Denise Elsken, a member of the Martinez Unified School District board, said having armed guards sends the wrong message to children.
"Of all of the memories of your childhood and school, were any of them walking past an armed, uniformed guard?," Elsken asked in an email to Patch. "Having traveled in numerous countries where we have seen 'armed guards,' I can tell you that it does not make you feel very safe. In fact, it would be a reminder to children five days a week of the fact that they could be shot and killed at school that day. Is this beneficial to our children?"
She called the NRA statement and "selfish and unwarranted position that assault rifles should be legal."
She added she is not against banning all firearms, saying hunters should be able to own rifles and other weapons and homeowners should be able to protect their property with a firearm.
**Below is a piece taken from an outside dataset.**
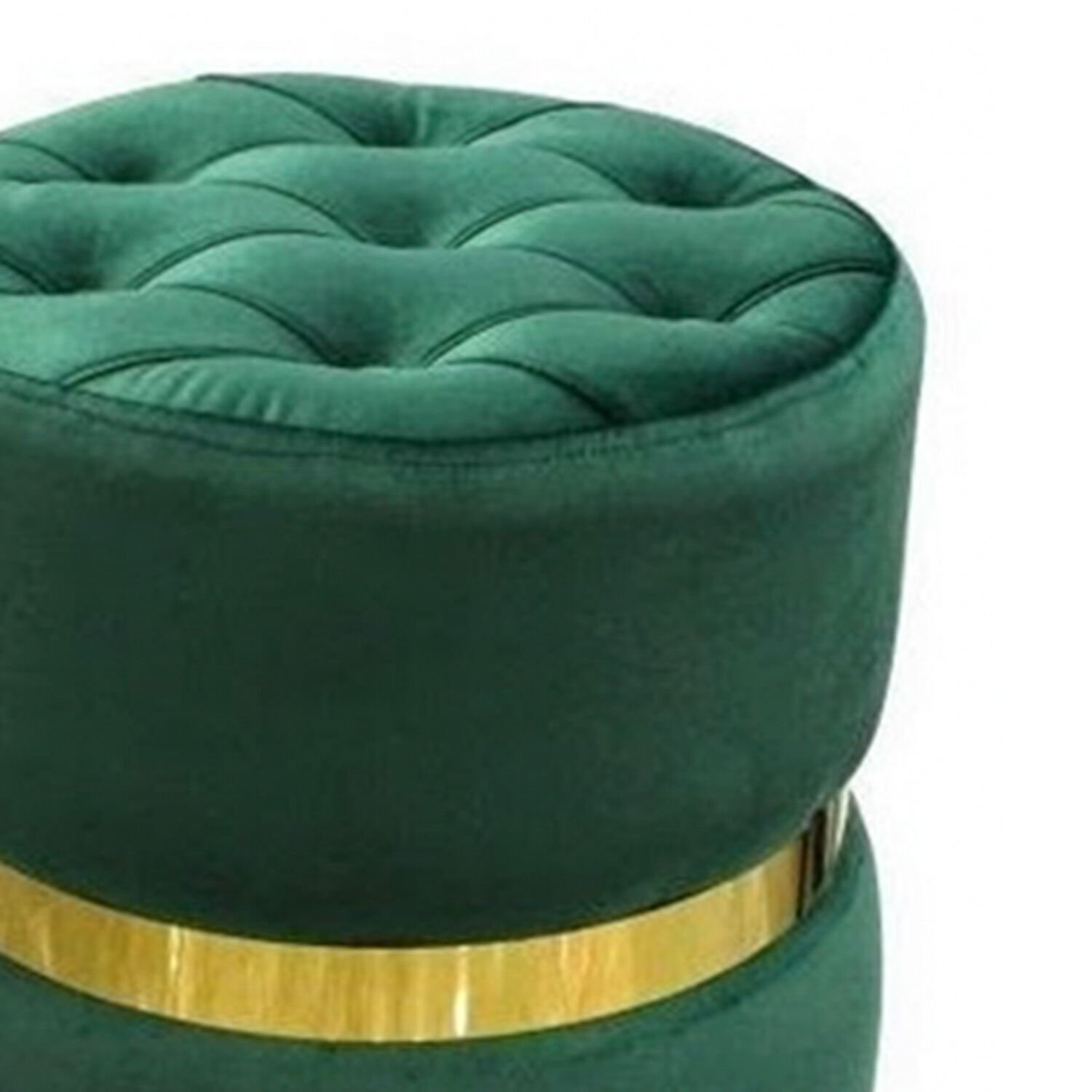Ortası Altın Kemerli Modern Silindir Puf Yeşil 42 x 42 Cm.

"However, I do not believe anyone but trained soldiers and police officers should have rapid fire assault weapons," she said.
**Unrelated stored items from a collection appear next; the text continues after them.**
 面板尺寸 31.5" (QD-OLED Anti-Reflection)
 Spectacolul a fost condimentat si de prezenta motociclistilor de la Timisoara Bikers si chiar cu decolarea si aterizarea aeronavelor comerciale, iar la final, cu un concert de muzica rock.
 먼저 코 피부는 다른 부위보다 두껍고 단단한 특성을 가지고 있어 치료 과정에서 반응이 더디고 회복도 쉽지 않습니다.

In Connecticut, Newtown United, a group of Newtown neighbors, are working to address major issues related to the tragedy, including gun control, violent media, mental health and legislation.
Newtown locals responded to the NRA press conference. Suzy DeYoung, a Newtown parent, coach and resident for nine years who has three children, said LaPierre's speech was playing to people’s fears.
“People are much smarter than this,” DeYoung said. “He is saying we need to be protected from guns by more guns. This lack of logic speaks for itself, and I truly believe the response you are abut to see from parents all around the world will offer better commentary than I ever could."
Joanna Zachos, a mother in Sandy Hook, Connecticut, said that while she supports an increase in gun control and personally does not believe in guns at all, that the larger problem goes "way beyond that."
"The problem we have is our immunity to violence as a society as a whole," she said. "Violent video games, violent movies, addiction to horror films. We've developed immunity to violence and violent images."
LaPierre also lamented violence in video games, music videos and "blood-soaked" films. But his central solution seemed to be a great mobilization of gun-carrying "good guys," a term he used repeatedly but did not define, who might be more present and respond more quickly than police.
"If we truly cherish our kids, more than our money, more than our celebrities, more than our sports stadiums, we must give them the greatest level of protection possible," LaPierre said. "And that security is only available with properly trained, armed 'good guys'."
LaPierre, who was interrupted twice by protesters who held signs in front of TV cameras, made a direct call for local action.
"I call on every parent. I call on every teacher. I call on every school administrator, every law enforcement officer in this country, to join with us and help create a national schools shield safety program to protect our children with the only positive line of defense that’s tested and proven to work," he said.
LaPierre did not take questions from reporters and did not acknowledge the protesters.